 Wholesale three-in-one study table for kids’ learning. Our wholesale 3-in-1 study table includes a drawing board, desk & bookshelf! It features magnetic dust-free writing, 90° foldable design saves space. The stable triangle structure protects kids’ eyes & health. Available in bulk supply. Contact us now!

-------------------------

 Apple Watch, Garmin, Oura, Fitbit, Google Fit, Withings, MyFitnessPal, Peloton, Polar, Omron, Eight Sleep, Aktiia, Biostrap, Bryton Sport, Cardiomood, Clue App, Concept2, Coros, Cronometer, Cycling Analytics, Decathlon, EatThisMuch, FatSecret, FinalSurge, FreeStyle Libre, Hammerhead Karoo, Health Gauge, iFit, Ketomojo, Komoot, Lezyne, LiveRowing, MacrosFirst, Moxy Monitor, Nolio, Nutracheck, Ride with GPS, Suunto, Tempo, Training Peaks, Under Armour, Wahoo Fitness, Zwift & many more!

-------------------------

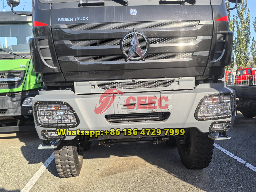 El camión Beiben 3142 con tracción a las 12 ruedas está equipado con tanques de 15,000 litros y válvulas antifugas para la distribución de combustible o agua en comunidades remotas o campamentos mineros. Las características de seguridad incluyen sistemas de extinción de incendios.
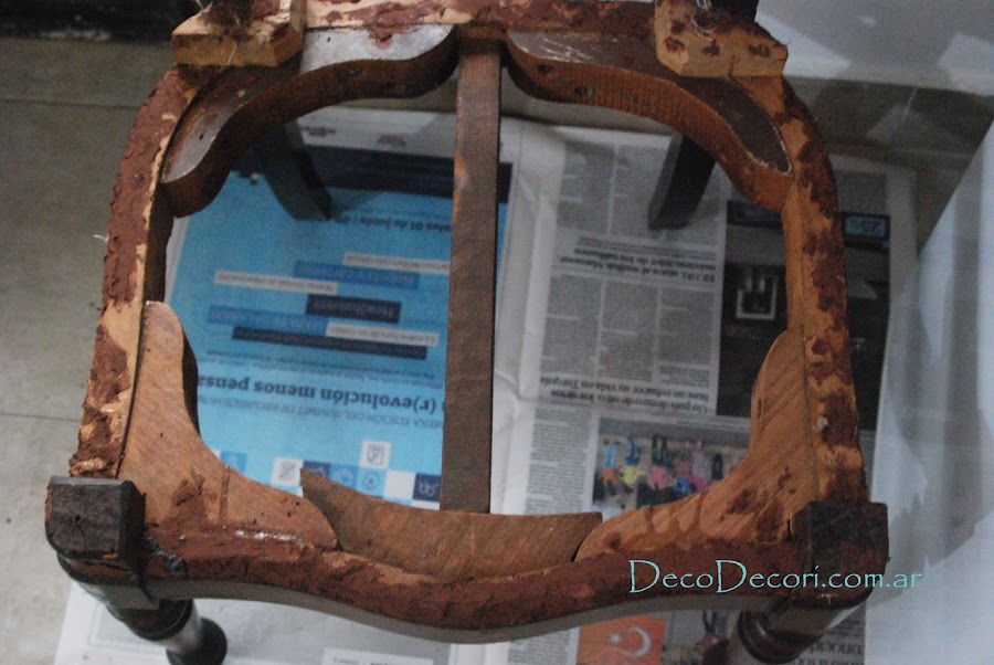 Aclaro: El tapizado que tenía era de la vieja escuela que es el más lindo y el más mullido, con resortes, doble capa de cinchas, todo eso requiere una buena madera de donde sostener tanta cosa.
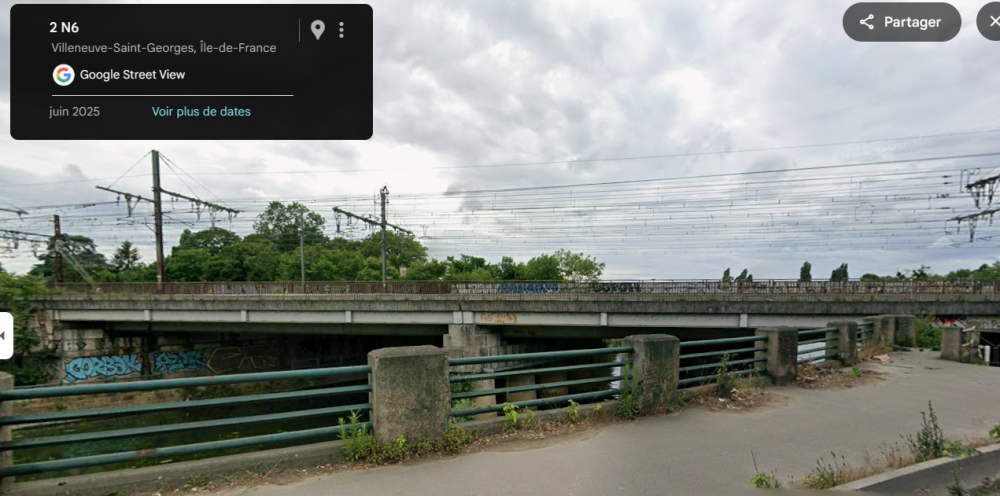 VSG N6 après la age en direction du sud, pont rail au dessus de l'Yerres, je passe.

-------------------------

**The task**
Repeat exactly the lines above, beginning at the one containing "Aclaro: El tapizado" and ending at the one containing "VSG N6 après". Do not carry over any pictures.

**Reply to the task**
 Aclaro: El tapizado que tenía era de la vieja escuela que es el más lindo y el más mullido, con resortes, doble capa de cinchas, todo eso requiere una buena madera de donde sostener tanta cosa.
 VSG N6 après la age en direction du sud, pont rail au dessus de l'Yerres, je passe.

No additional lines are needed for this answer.